WORK TO COMPLETE: Only the lines that contain the string "design" belong in the answer; pull them from the records.

EXERCISE MATERIAL:
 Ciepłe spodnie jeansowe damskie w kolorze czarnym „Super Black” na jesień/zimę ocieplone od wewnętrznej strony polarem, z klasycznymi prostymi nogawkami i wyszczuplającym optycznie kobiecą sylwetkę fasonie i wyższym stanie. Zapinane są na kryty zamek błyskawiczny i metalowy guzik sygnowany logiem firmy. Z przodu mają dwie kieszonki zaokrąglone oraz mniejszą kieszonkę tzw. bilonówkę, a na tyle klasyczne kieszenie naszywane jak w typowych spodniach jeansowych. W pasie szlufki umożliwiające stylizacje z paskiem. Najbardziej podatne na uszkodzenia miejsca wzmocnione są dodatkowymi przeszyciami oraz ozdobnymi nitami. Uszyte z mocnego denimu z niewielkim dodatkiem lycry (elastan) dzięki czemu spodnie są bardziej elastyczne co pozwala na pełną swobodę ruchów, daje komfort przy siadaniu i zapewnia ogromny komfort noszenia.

==

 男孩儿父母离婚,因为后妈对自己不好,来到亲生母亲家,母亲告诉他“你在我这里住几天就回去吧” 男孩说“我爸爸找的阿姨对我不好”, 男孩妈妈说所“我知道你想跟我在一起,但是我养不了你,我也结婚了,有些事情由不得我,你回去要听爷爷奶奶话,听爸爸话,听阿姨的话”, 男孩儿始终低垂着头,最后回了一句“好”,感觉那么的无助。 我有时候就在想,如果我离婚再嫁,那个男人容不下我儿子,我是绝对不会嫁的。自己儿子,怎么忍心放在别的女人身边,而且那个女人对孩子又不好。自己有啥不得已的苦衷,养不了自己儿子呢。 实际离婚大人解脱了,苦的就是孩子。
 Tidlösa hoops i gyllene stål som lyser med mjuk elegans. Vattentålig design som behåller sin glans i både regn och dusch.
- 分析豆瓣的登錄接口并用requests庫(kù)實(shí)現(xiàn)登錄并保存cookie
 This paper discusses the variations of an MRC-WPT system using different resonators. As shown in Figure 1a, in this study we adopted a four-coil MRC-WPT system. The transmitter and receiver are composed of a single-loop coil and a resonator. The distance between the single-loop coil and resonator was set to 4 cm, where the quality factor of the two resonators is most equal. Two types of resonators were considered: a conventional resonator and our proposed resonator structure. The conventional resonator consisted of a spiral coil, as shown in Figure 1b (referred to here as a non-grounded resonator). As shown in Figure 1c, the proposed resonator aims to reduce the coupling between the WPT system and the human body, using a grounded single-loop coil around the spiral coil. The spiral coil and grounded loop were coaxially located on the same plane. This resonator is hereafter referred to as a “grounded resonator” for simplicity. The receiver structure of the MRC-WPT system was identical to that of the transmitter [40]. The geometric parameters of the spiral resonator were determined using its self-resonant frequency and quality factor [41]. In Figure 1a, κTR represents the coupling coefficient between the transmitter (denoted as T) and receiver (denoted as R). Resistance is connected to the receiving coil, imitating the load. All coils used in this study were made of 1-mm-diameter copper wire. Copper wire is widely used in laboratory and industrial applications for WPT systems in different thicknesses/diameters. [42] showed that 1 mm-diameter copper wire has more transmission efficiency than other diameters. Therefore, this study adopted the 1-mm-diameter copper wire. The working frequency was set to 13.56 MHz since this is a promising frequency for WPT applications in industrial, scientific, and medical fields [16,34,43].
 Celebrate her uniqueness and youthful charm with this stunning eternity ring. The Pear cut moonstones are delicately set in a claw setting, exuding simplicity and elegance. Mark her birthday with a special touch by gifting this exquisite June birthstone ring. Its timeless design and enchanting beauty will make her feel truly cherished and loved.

---

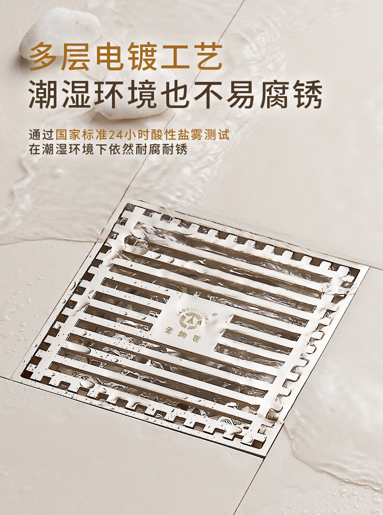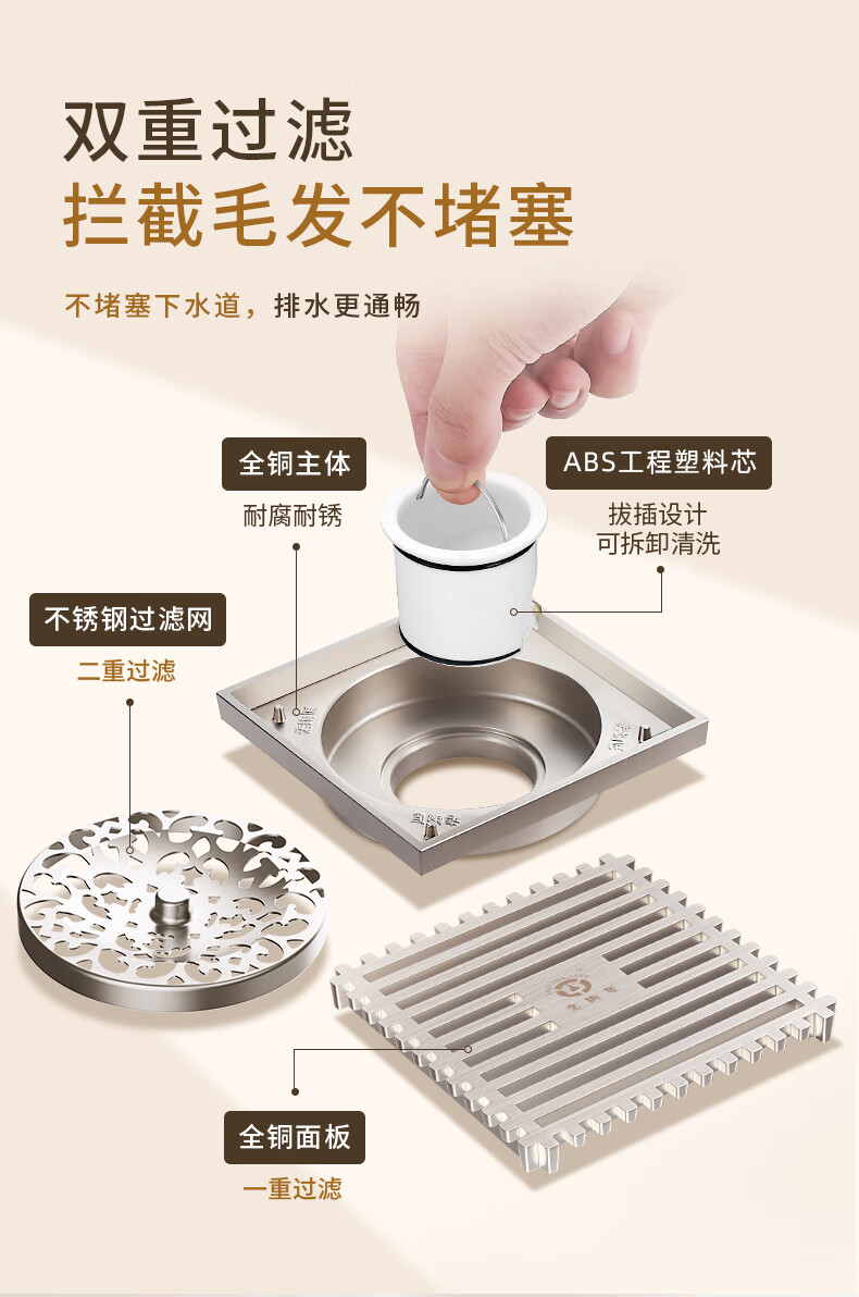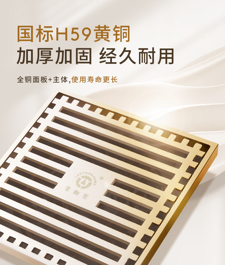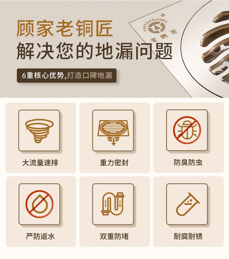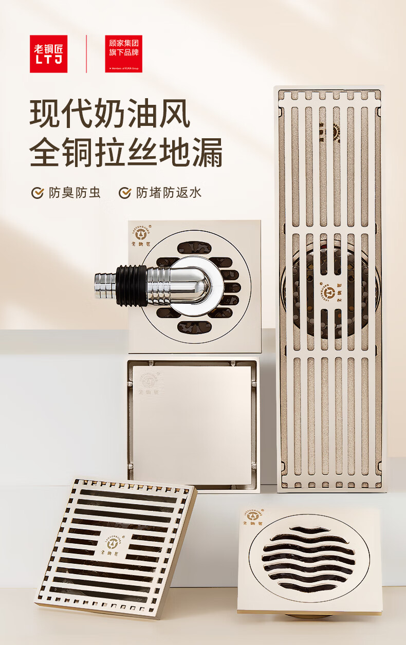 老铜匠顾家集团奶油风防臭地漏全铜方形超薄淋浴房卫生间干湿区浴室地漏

OUTPUT OF THE EXERCISE:
 Tidlösa hoops i gyllene stål som lyser med mjuk elegans. Vattentålig design som behåller sin glans i både regn och dusch.
 Celebrate her uniqueness and youthful charm with this stunning eternity ring. The Pear cut moonstones are delicately set in a claw setting, exuding simplicity and elegance. Mark her birthday with a special touch by gifting this exquisite June birthstone ring. Its timeless design and enchanting beauty will make her feel truly cherished and loved.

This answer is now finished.